A Federação Portuguesa do Táxi está atenta e realça um bom exemplo de crítica construtiva que surgiu das redes sociais, assinado pelo embaixador Francisco Seixas da Costa, intitulado “Recado aos Táxis”.

A ironia é útil quando contém os ingredientes que permitem melhorar dia-a-dia. Pior do que a crítica, é a indiferença. Ainda bem que há quem invista tempo a partilhar o que são as necessidades reais dos nossos passageiros.

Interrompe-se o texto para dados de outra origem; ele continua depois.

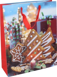 Božićna poklon vrećica veličine M je idealan izbor za pakiranje srednje velikih darova. Ova vrećica je dostupna u četiri različita motiva koji unose čaroliju Božića u svaki kutak vašeg doma. Zahvaljujući svojim dimenzijama 26x32x10 cm pruža dovoljno prostora za različite vrste darova.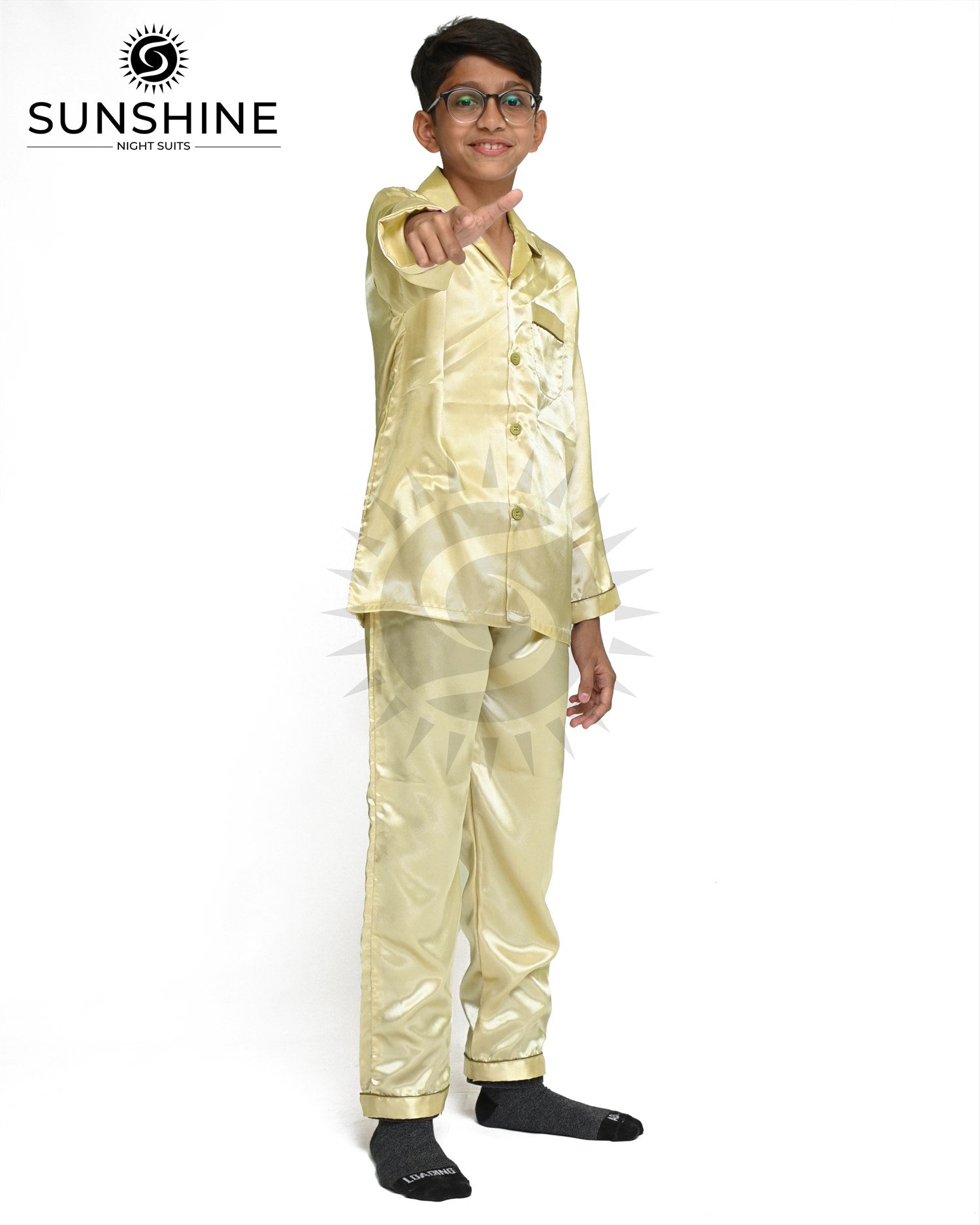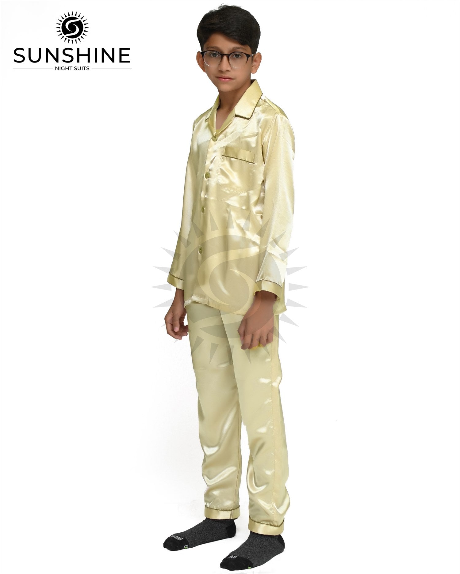 Introducing our exquisite light golden silk nightwear collection for boys, where style meets comfort. Crafted from the finest silk, our nightwear guarantees a night of uninterrupted, blissful sleep. Your little one will not only feel snug but also look effortlessly chic.

Por um Setor que não é indiferente à mudança e à modernidade, assente num serviço cada vez mais personalizado, em vez de “franzir a testa” ao que parece ser uma crítica severa, deve aqui verificar-se os aspetos criticados, considerando que o táxi é um meio de transporte que constitui a primeira linha na receção aos turistas e viajantesdo mundo inteiro e que é e será o meio mais económico, confortável e seguro de transporte dos cidadãos portugueses.

“RECADO AOS TÁXIS

Vistam-se como deve ser, usem carros cómodos, impecavelmente limpos e sem cheiro a comida, tabaco ou odor pessoal intenso, fechem as janelas e liguem o ar condicionado quando o pedirmos, sejam educados, simpáticos e atentos com os clientes, calem a rádio aos berros, baixem a voz da "menina" da central a chamar os colegas, não protestem com os outros condutores, conduzam suavemente e com a preocupação da comodidade e segurança dos clientes, não nos atazanem os ouvidos com queixas contra "eles" e contra "isto", não nos falem do estado do trânsito, de futebol, de política e dos "pretos", não façam cenas com os trocos e passem recibo sem o pedirmos, dêem-nos a permanente garantia de conseguirmos ir do aeroporto ao Campo Grande sem ter de passar por Alcântara, tratem os estrangeiros como clientes normais e não como fonte de especulação.

Quando oferecerem um serviço SEMPRE assim, podem estar certos que esqueceremos o UBER. Até lá, habituem-se!”